Copy the listing as it is written, and leave each picture out.

# Provided data

------------------------------------------------------------------------

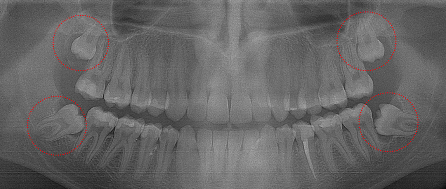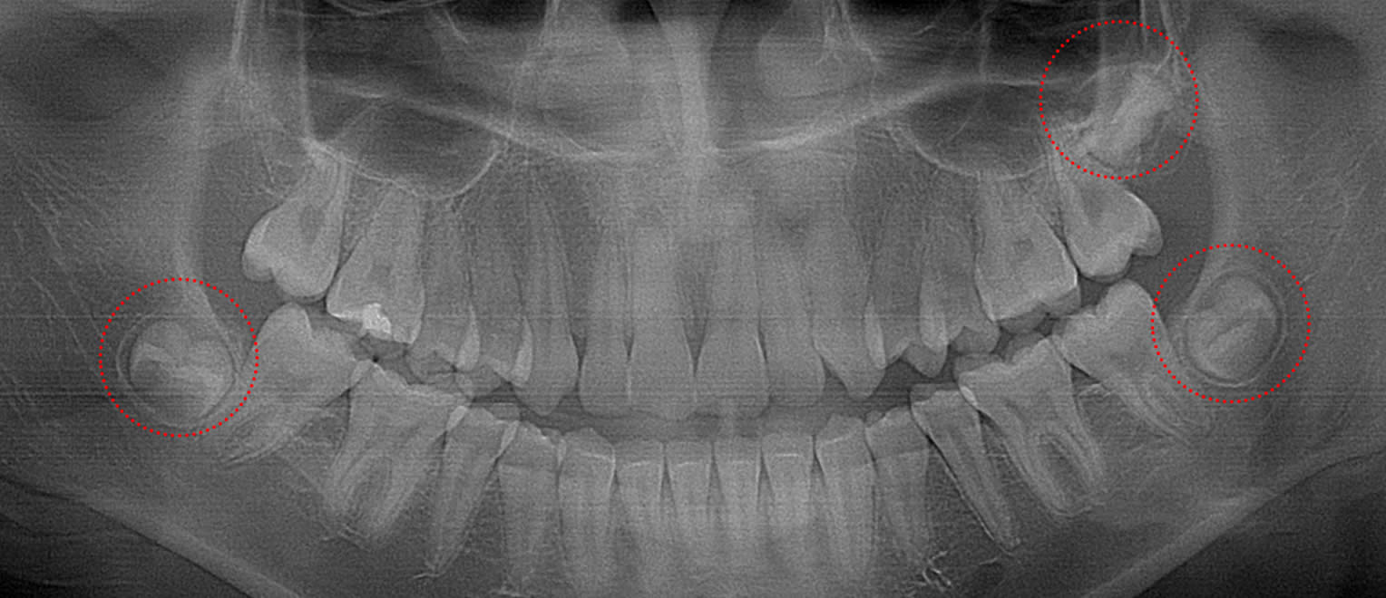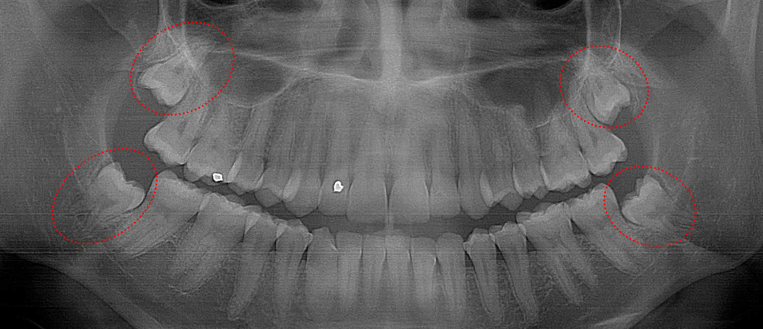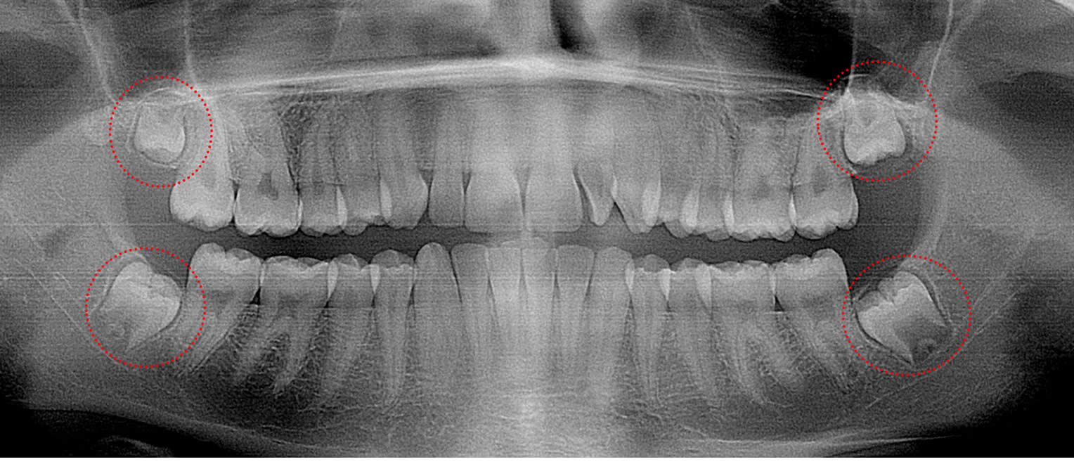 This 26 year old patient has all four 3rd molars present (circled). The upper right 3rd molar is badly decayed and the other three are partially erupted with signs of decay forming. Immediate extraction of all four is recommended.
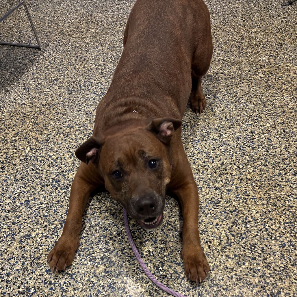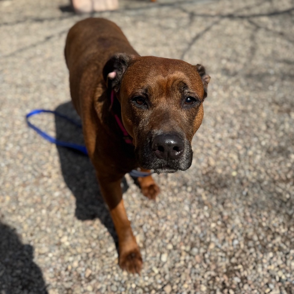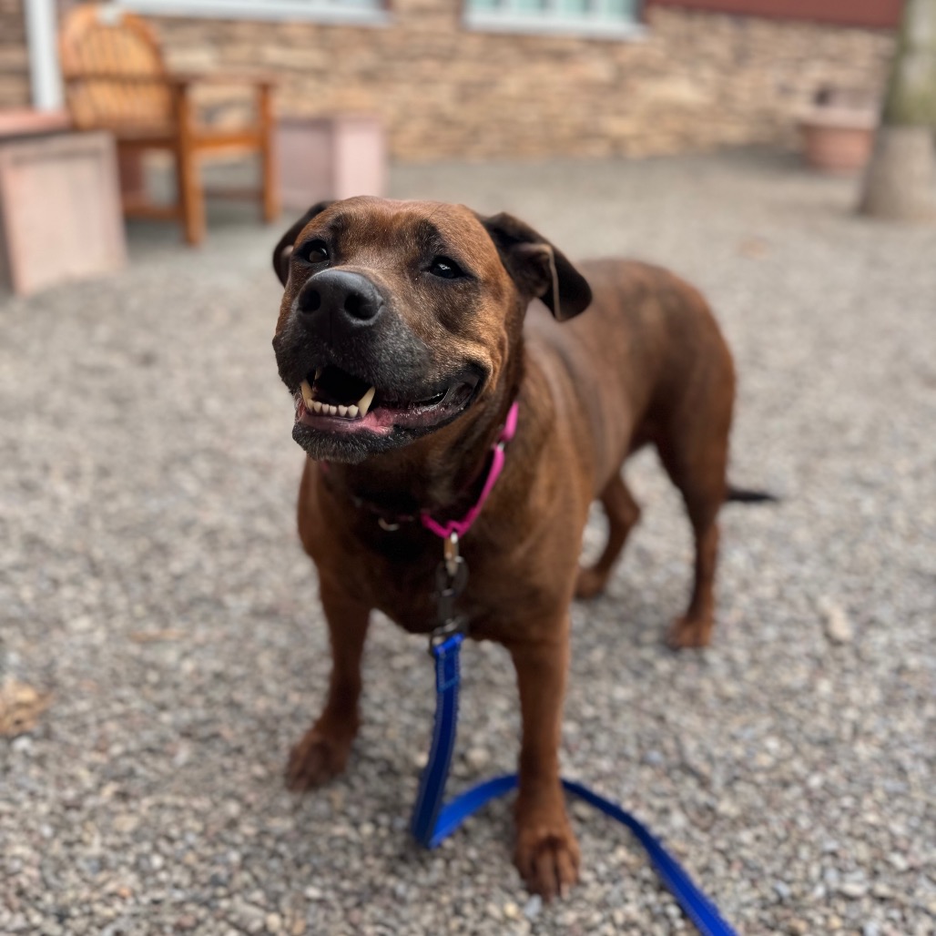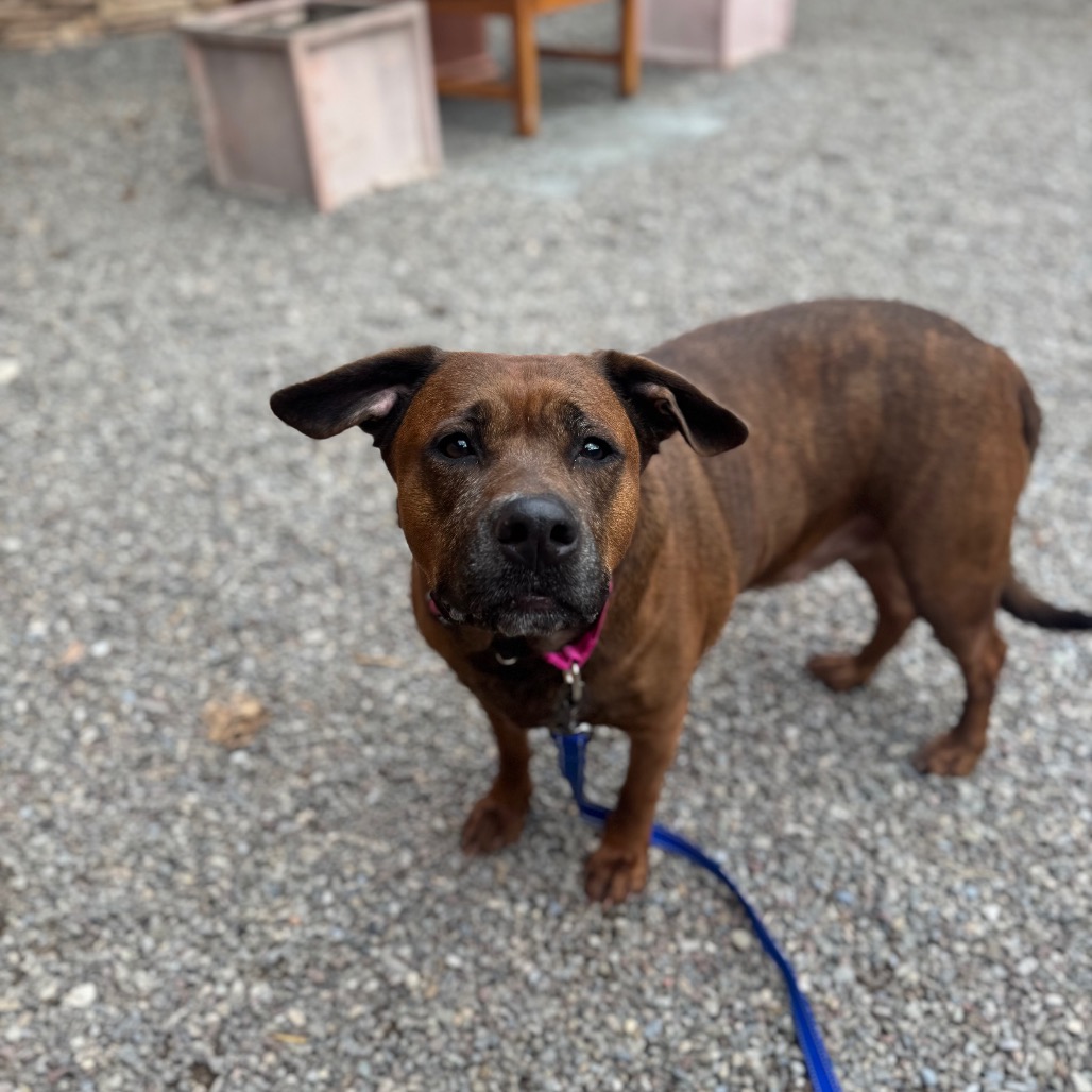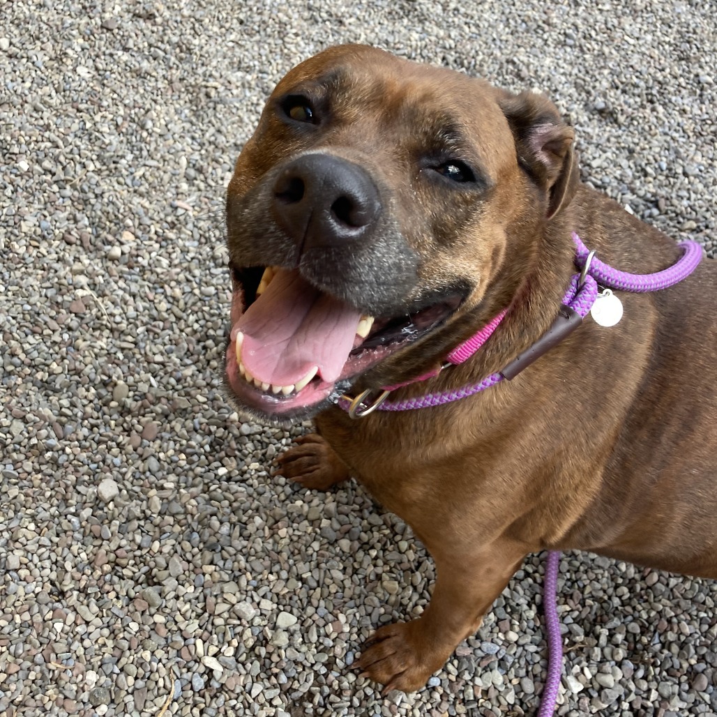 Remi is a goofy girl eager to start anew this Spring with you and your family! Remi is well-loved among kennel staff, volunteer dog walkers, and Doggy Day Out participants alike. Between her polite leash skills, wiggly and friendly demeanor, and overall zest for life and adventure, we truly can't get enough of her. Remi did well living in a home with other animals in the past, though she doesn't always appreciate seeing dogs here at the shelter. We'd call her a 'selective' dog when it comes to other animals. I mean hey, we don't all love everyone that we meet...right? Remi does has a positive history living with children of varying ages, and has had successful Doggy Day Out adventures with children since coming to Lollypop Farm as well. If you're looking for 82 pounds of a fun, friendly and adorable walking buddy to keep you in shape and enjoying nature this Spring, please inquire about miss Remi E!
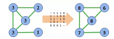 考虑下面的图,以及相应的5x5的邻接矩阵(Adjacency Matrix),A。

------------------------------------------------------------------------

# Answer
 This 26 year old patient has all four 3rd molars present (circled). The upper right 3rd molar is badly decayed and the other three are partially erupted with signs of decay forming. Immediate extraction of all four is recommended.
 Remi is a goofy girl eager to start anew this Spring with you and your family! Remi is well-loved among kennel staff, volunteer dog walkers, and Doggy Day Out participants alike. Between her polite leash skills, wiggly and friendly demeanor, and overall zest for life and adventure, we truly can't get enough of her. Remi did well living in a home with other animals in the past, though she doesn't always appreciate seeing dogs here at the shelter. We'd call her a 'selective' dog when it comes to other animals. I mean hey, we don't all love everyone that we meet...right? Remi does has a positive history living with children of varying ages, and has had successful Doggy Day Out adventures with children since coming to Lollypop Farm as well. If you're looking for 82 pounds of a fun, friendly and adorable walking buddy to keep you in shape and enjoying nature this Spring, please inquire about miss Remi E!
 考虑下面的图,以及相应的5x5的邻接矩阵(Adjacency Matrix),A。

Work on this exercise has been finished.